The aim of this observational study is to investigate whether contactless measurement of RR, HR, and sleep stages can be used to detect exacerbations in people with COPD.

METHODS

An observational study including 50 participants with COPD will be conducted. The participants reside in Aalborg municipality, located in the North Denmark Region. Participants will use a contactless monitor (Sleepiz One+) near their bed during sleep for a period of 4 months. After data collection, descriptive statistics will be used to identify any extremes or variations in RR, HR, or sleep stages in the nights preceding an exacerbation. Correlation analysis will be performed to evaluate the relationship between the number of exacerbations and extremes or variations in RR, HR, or sleep stages.

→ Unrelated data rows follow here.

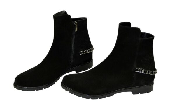 Стильні жіночі класичні черевики на невисокому підборі, виготовлені з натуральної замші чорного кольору. Дуже зручні, ідеально сидять на ніжці.
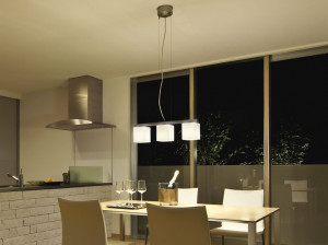 スクエアな乳白ガラス3連のワイヤー吊りペンダント。小型ペンダントの多灯使いもいいのですが、こういう納まり方もスッキリしっくりきます。
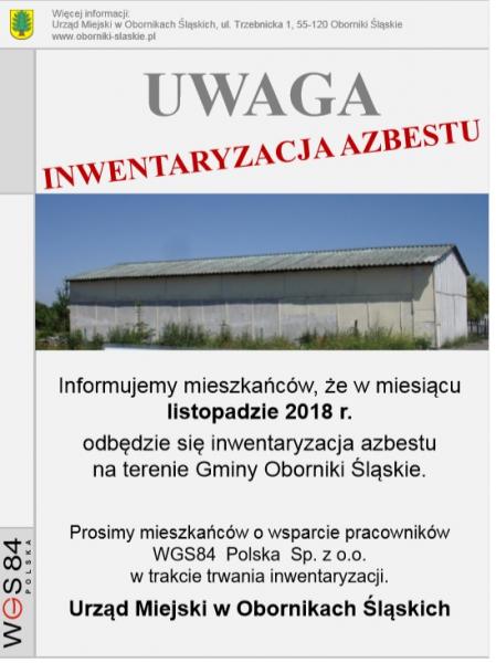 Informujemy, że w miesiącu listopadzie 2018 r. odbędzie się inwentaryzacja azbestu na terenie naszej gminy. Prosimy mieszkańców o wsparcie pracowników firmy WGS84 Polska Sp. z o.o. w trakcie trwania inwentaryzacji.
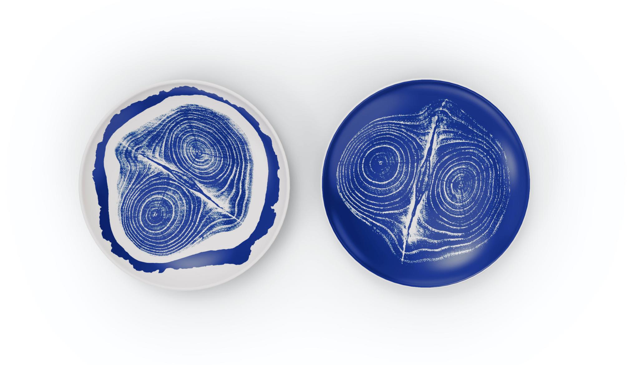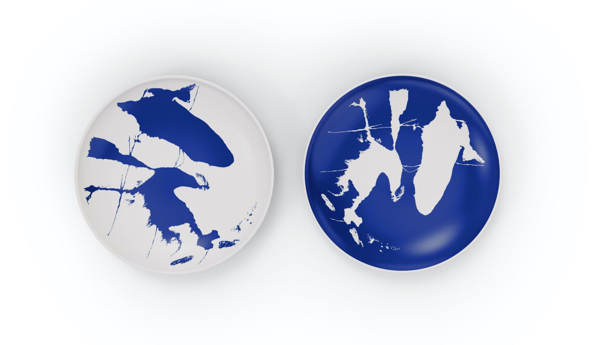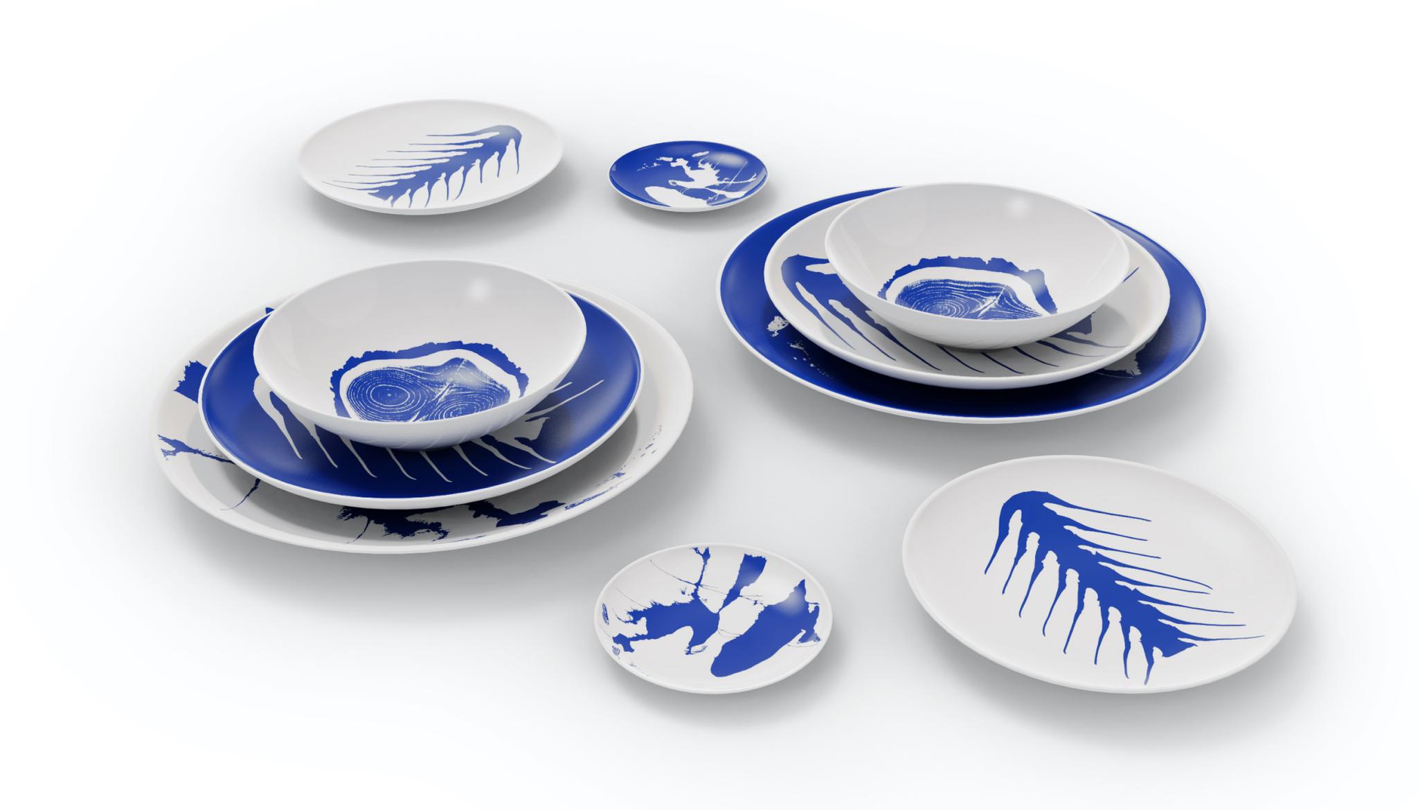 The finest porcelain dinner set inspired by the photography of Charlotte Perriand. Hand decorated and characterised by patterns that combine the colours blue and white, this striking set of plates is the perfect proposal to embellish any dinner table.
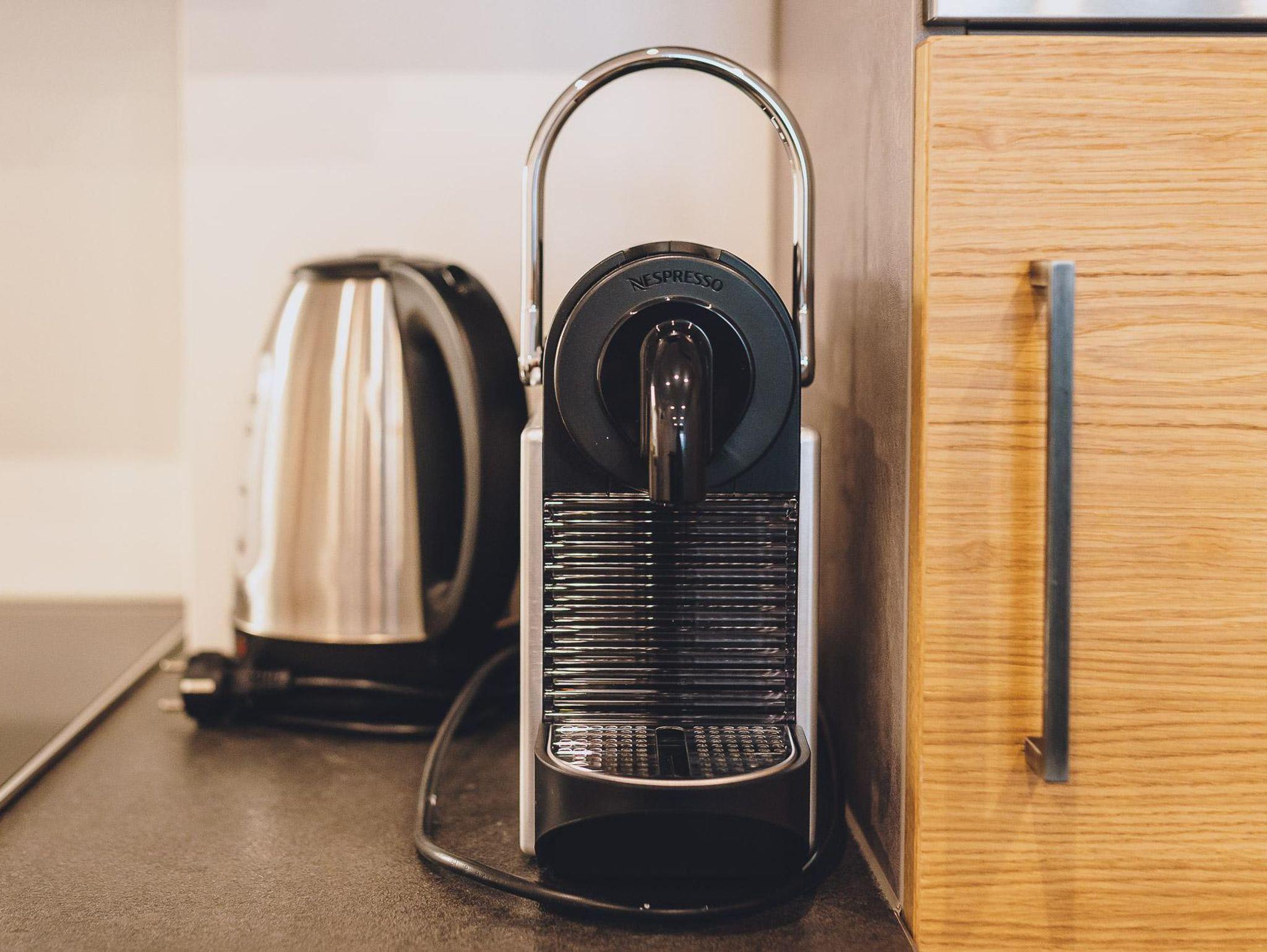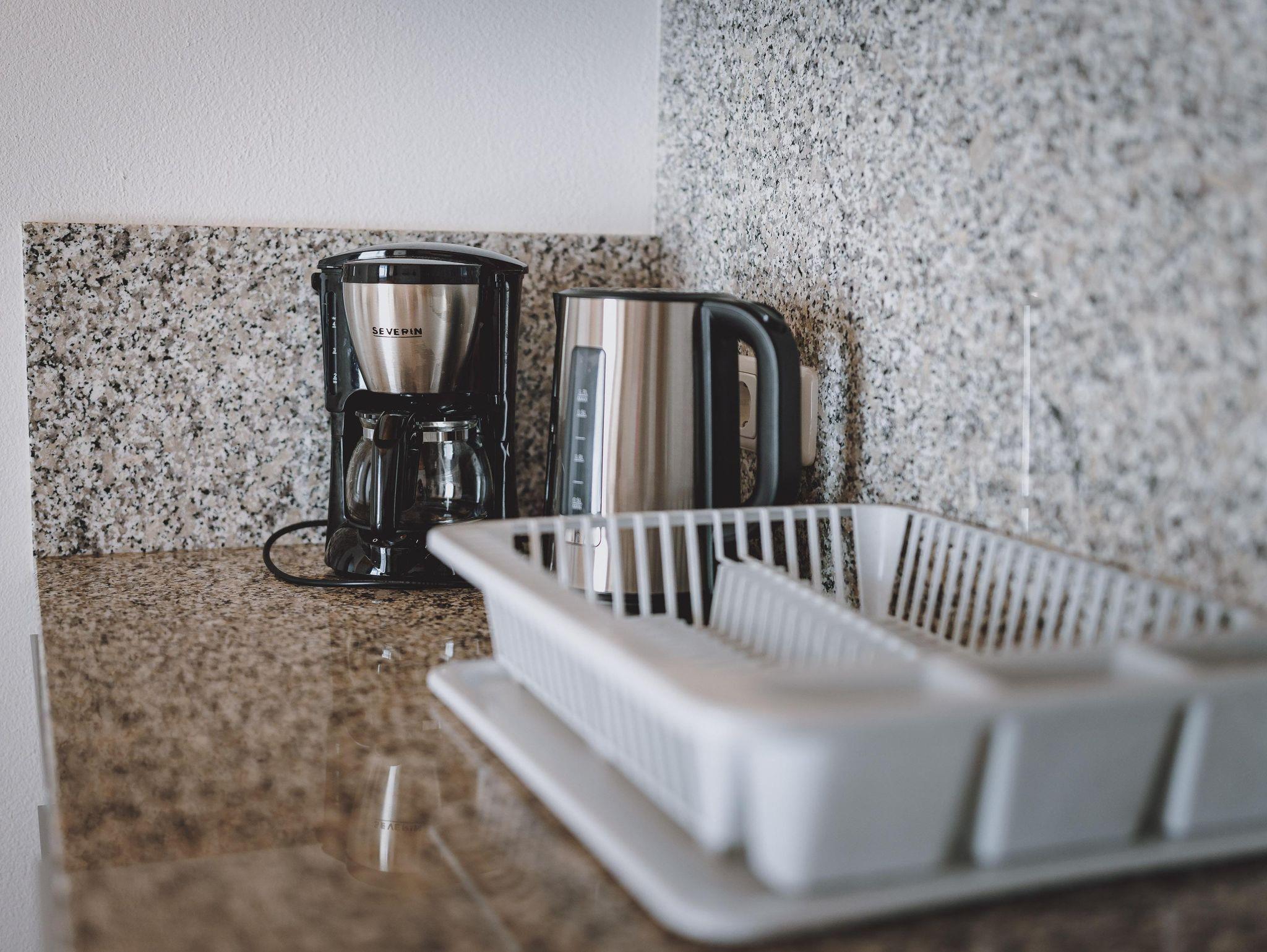 Vollausgestattete Küche mit Cerankochfeld, Kaffeemaschine, Wasserkocher, Toaster, Geschirrspüler, Kühl-Gefrierkombinatio

Finally, qualitative interviews will be conducted with 12 participants to explore their experiences of sleeping with the monitor nearby.

RESULTS

Recruitment started at the end of April 2024. A total of 12 participants have been recruited, and the remaining participants are expected to be recruited during March and April 2025. Six out of 12 participants have completed the data collection and qualitative interview stages. Overall data collection is expected to be completed by September 2025. The results are expected to provide insight into the potential for identifying extremes or variations in RR, HR, or sleep stages in the days preceding an exacerbation. Additionally, the results are expected to assess the correlation between the number of exacerbations and extremes or variations in RR, HR, and sleep stages.

CONCLUSIONS

The findings from this study may clarify the possibility of using a contactless monitor to detect exacerbations in COPD. Furthermore, the results may have the potential to improve the ability to predict exacerbations in the future.

INTERNATIONAL REGISTERED REPORT IDENTIFIER (IRRID): DERR1-10.2196/63230.